Re: [Distutils] Google Auth is broken for PyPI

Donald Stufft Sun, 15 Feb 2015 15:53:39 -0800

> On Feb 15, 2015, at 5:25 PM, Robert Collins <robe...@robertcollins.net> wrote:
> 
> I probably shouldn't, but I feel compelled to reply :).
> 
> On 11 February 2015 at 06:33, Donald Stufft <don...@stufft.io> wrote:
>> 
>>> On Feb 10, 2015, at 11:23 AM, Martin v. Löwis <mar...@v.loewis.de> wrote:
>>> 
>>> Am 10.02.15 um 15:36 schrieb Donald Stufft:
>>>> Honestly, I’d rather have less federated login not more. I wish the 
>>>> current OpenID support had never been added.
>>>> 
>>> 
>>> Can you please elaborate on that position? Why is it useful to have
>>> separate accounts on separate systems?
>> 
>> Sure.
>> 
>> So the basic premise behind federated auth is that you can get a single set
>> of credentials on all (or most) of your sites and eliminate the need to have 
>> a
>> password for each site you visit.
>> 
>> My opinion is basically influenced by a number of factors:
>> 
>> 1. I feel like the goal of federated auth has failed in general and is 
>> unlikely
>>   to ever succeed. As a user of websites I have over 400 different entries in
>>   my password manager, even if 50% of them implement federated auth (which I
>>   feel like is a high number but that's not backed by math, just gut feeling)
>>   that's still over 200 entries I need to maintain in my password manager. In
>>   this case federated auth has not meaningfully reduced the burden of
>>   maintaining password for me since maintaining 200 isn't any easier than 400
>>   and instead it just complicates my login flow
> 
> So, what is success here? I'd call 200 less passwords to maintain and
> rotate on a regular basis a GOOD THING. I very much doubt that you
> would have 2FA set up on the other 200 things, so that would mean a
> change from 400 sites w only a couple having 2FA to 200 with regular
> rotations and 2FA, and 200 liabilities.
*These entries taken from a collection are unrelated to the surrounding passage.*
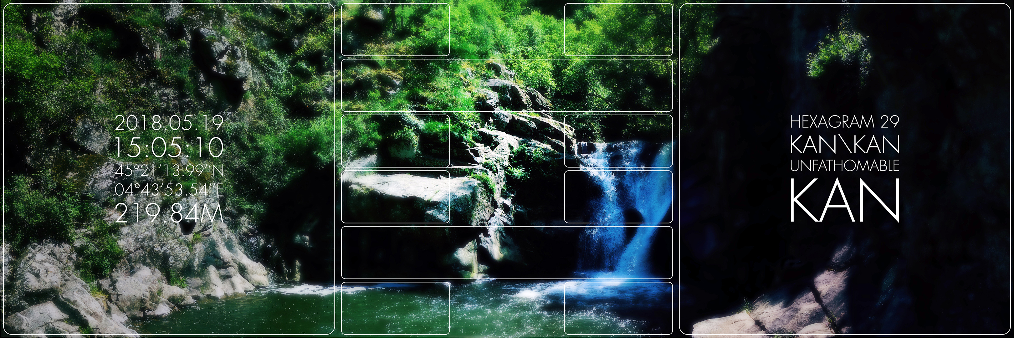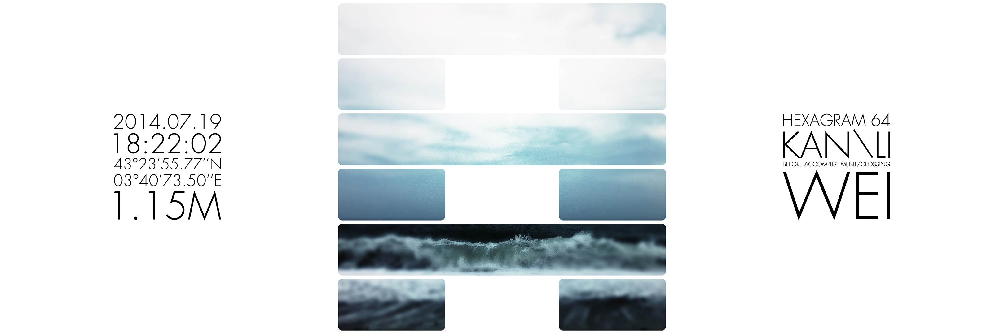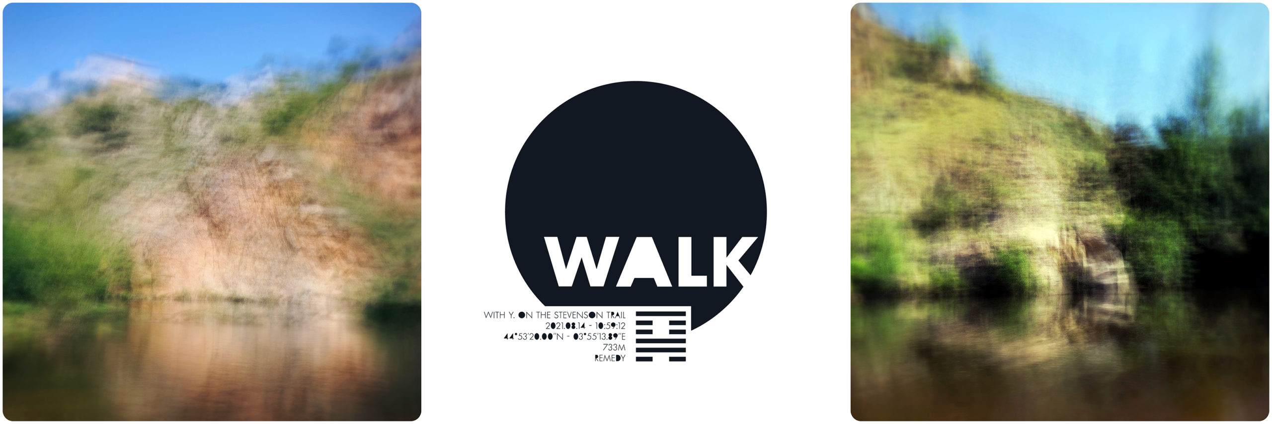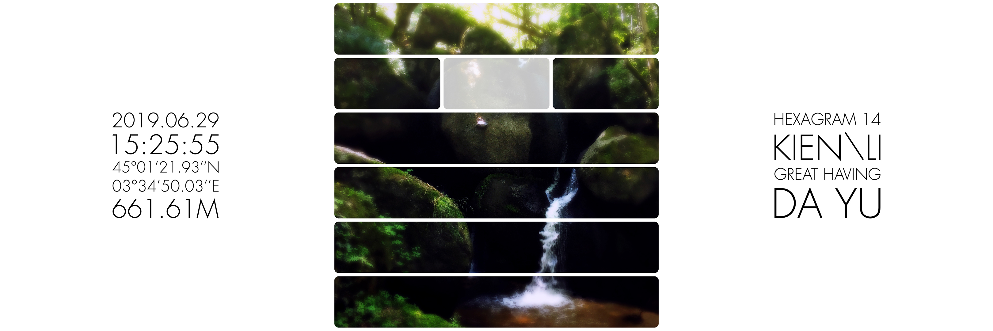 What’s up ? est une série de triptyque dans laquelle j’interroge les moyens de transcription de l’expérience de présence dans le paysage. Inspiré des travaux de Joseph Kosuth ou d’Hamish Fulton, le carré gauche donne des informations factuelles et objectives de la géographie de mon point de vue au moment de la prise de vue. L’image centrale du triptyque est composée d’un paysage photographique sur lequel apparait un hexagramme. Un masque blanc rend visible alternativement six lignes horizontales continues et/ou discontinues. Cet hexagramme est obtenu par la consultation du Yi king, un art divinatoire chinois basé sur le Livre des transformations. Selon Richard Wilhelm, il contient le fruit de la sagesse millénaire chinoise dont l’objectif est de transcrire symboliquement les états du monde dans leurs mouvements, leurs mutations et leurs relations aux individus. Le troisième carré, sur la droite du triptyque, indique quel hexagramme est lié au paysage photographique du triptyque. Mon intention est de donner, par cet ensemble, l’image de phénomènes de synchronicité. En quelque sorte, chaque triptyque montre ce que je regarde et évoque, par le Yi king, ce que le monde me donne à voir, à sentir et à penser – en fonction de nos états respectifs et de notre échange – à l’instant de l’acte photographique.
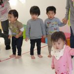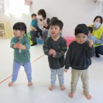 お歌を歌って手をたたいたり、足踏みしたり、
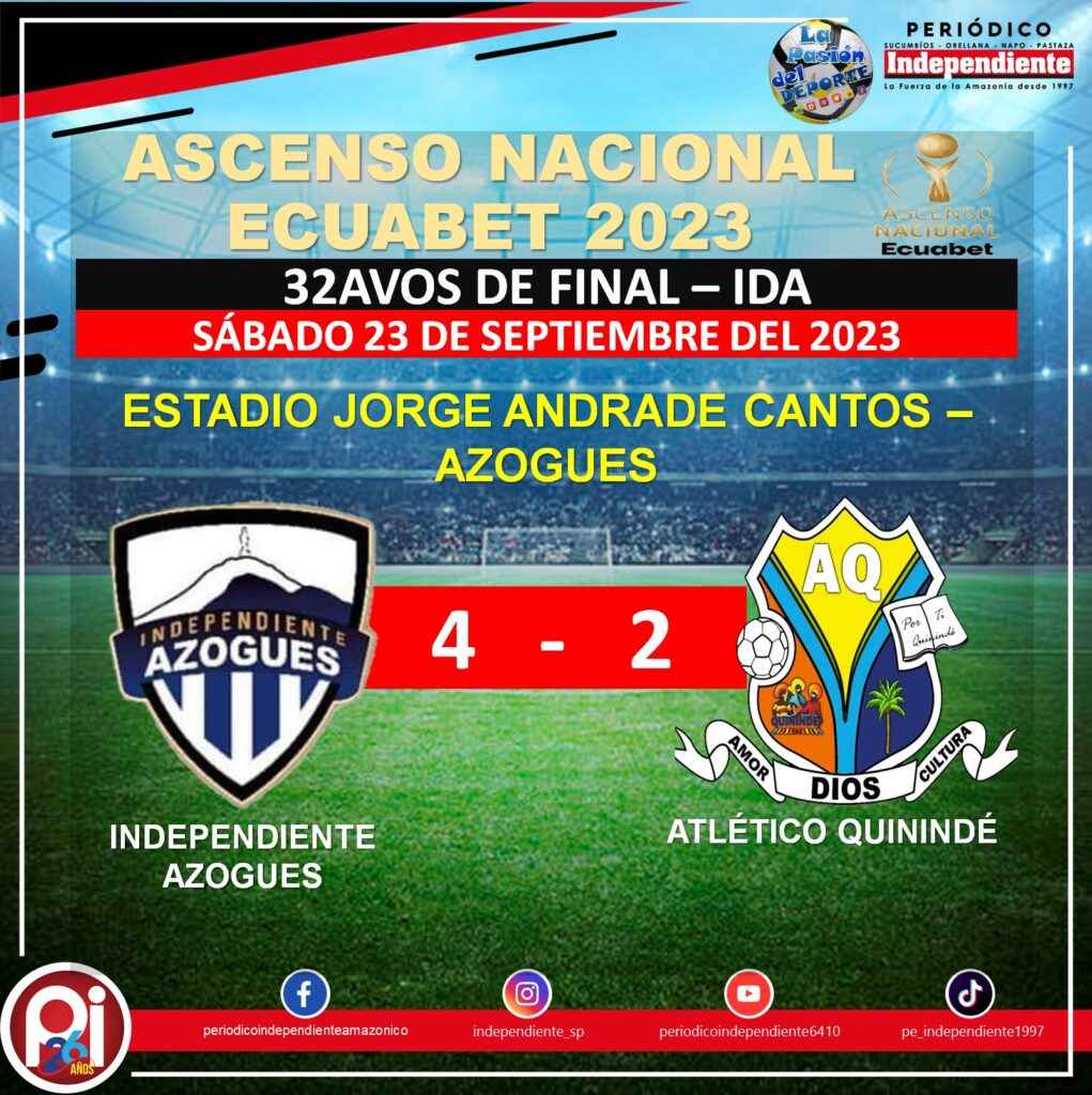El Independiente Azogues hizo respetar su casa y consiguió una importante victoria 4 – 2 sobre el Atlético Quinindé encuentro jugado en el Estadio Jorge Andrade Cantos, a los 27 minutos David Peralta ubicaba el 1 – 0 para los locales, cerca del final del primer tiempo a los 44 minutos José Navarreño ubicaba el empate para irse al descanso, en la parte complementaria a los 54 minutos Meza aumentaba el marcador para los locales 2 – 1, y un nuevo gol de Peralta a los 64 minutos ponía el 3 – 1, a los 69 minutos José Lastra sentenciaba el 4 – 1, a los 75 minutos Navarreño puso el 4 – 2 final y con ello la revancha se jugara en el Folke Anderson.
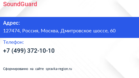 SoundGuard по адресу 127474, Россия, Москва, Дмитровское шоссе, 60 в дальнейшем Организация, размещена в следующих категориях:
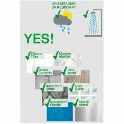 - Fliesen, Glas, Marmor, Metall, Naturstein, Beton, Holz, verschiedene Kunststoffe

Success (for me) is when federated auth enables me to no longer need to worry
about passwords in my day to day use of the web. Currently it's not even close
and it doesn't appear to be getting any closer. The places where it is even
possible it's generally only possible to sign in with Github/Twitter/Facebook
and I'm unwilling to place the ability to authenticate as me to a wide number
of services with them. The only time I'm willing to do so is "throw away" sites
where my account on those sites don't really matter to me.


> 
>> 2. As a site operator I feel like authentication is a core part of the
>>   experience of using my site and by allowing federated auth on my site I'm
>>   giving up control over that user flow. A relevant example from PyPI is that
>>   a number of users signed up using MyOpenID which is no longer being
>>   maintained. This means that either PyPI has to tell those people
>>   "tough shit" or PyPI needs to figure out a mitigation tactic against that.
>>   Another example is that launchpad randomly starts failing for people, and
>>   it'll fail consistently for the same person until it just stops failing for
>>   them. I'm unable to actually reproduce this error so it's extremely hard
>>   for me to do anything else but shrug and tell them not to use it.
> 
> I'm genuinely curious here. Why do you feel that authentication is a
> core part of the experience? Its a necessary part, sure. But I find it
> hard to imagine that many people say 'that bug tracking site, its got
> *awesome authentication*'! I see authentication as something that is
> very very hard to get right, and incredibly easy to get wrong. I don't
> trust folk that are experts in e.g. bugtracking. Or code hosting. Or
> todo list management to necessarily understand all the intricacies of
> password handling (e.g. *how many sites don't use PBKDF2*!) Or worse
> truncate the input password you give to 8 characters (yes, seriously).
> Its not that the site operators aren't trustworthy in general, its
> that password handling is nasty:
> - its hard to get right
> - you won't know if you got it wrong until you or your users are compromised
> - even sites with dedicated teams doing just the IdP aspect get it wrong
> 
> I consider it irresponsible for less well resources sites to get into
> credentials management unless they truely have no choice: they're
> tackling something they're almost certain to get wrong.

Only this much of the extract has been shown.